The nation’s entire defense strategy is based on forward-deployed forces, but that will now be called into question, he added.

COVID-19 has demonstrated that threats “can leap over those forward defenses,” said Barno, now with the Johns Hopkins School of Advanced International Studies. “That’s going to change how we think about defense of the nation and how we prioritize our defense.”

Nora Bensahel, a scholar in residence at Johns Hopkins, predicted “two tremendous impacts” on the military from COVID-19 and the nation’s response to its aftermath.

The first major change will be in how Americans view national security, something that “has already changed very dramatically,” Bensahel said.

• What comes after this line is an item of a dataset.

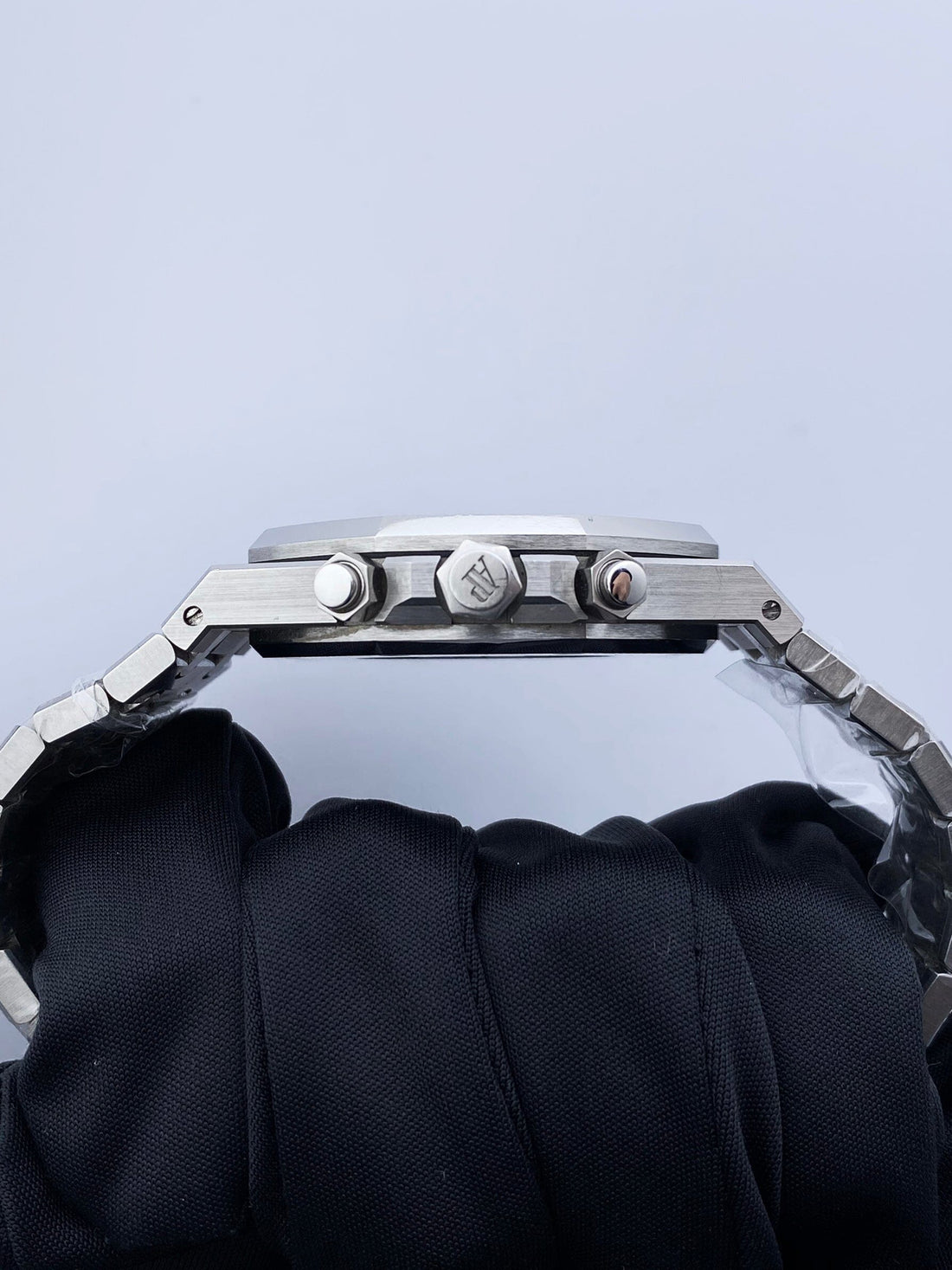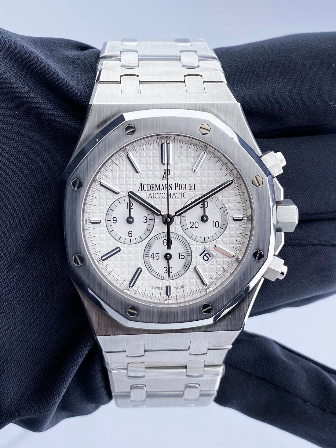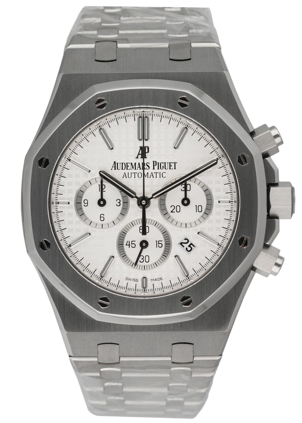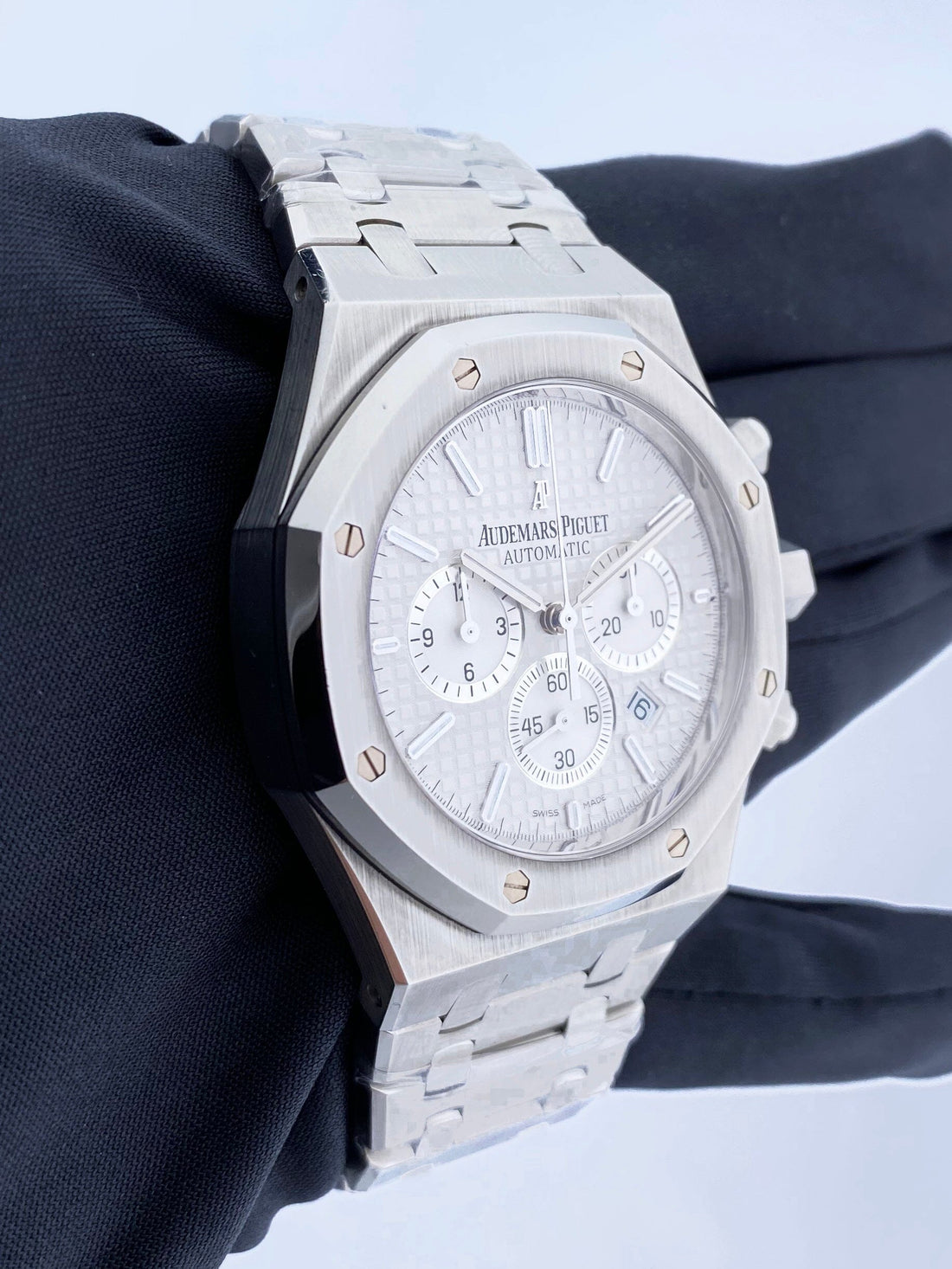 Audemars Piguet 26320ST.OO.1220ST.02 Royal Oak Mens Watch. 41mm stainless steel case with octagon shape bezel. White tapestry dial with steel luminous hands and index hour marker. Subdials: small second, minute and 12 hour. Date display between 4 & 5 o'clock position. Stainless steel bracelet with hidden clasp double push button safety. Will fit up to 7.5-Inch wrist. Sapphire crystal. Stainless steel case back. Calibre 2385 Automatic self-winding movement. This watch comes with Box and Papers.

Internal threats will increasingly replace external threats as the main concern and will be seen by Americans as “more important to their day-to-day lives than potential threats from places like China and Russia and other places that are far away,” she said.

“Lots of Americans are going to see the Defense Department as nowhere near as relevant to their new definitions of personal security going forward, and that’s going to be a big transformative change,” Bensahel said.

The second major change will come in the way of shrinking defense budgets, she said.

Funding for defense “is almost certainly going to go down, and it is probably going to go down a lot,” she said.

“This economic crisis is also going to cause a great deal of budgetary constraints overall,” Bensahel said. “[The] defense budget is going to shrink substantially in the years to come.”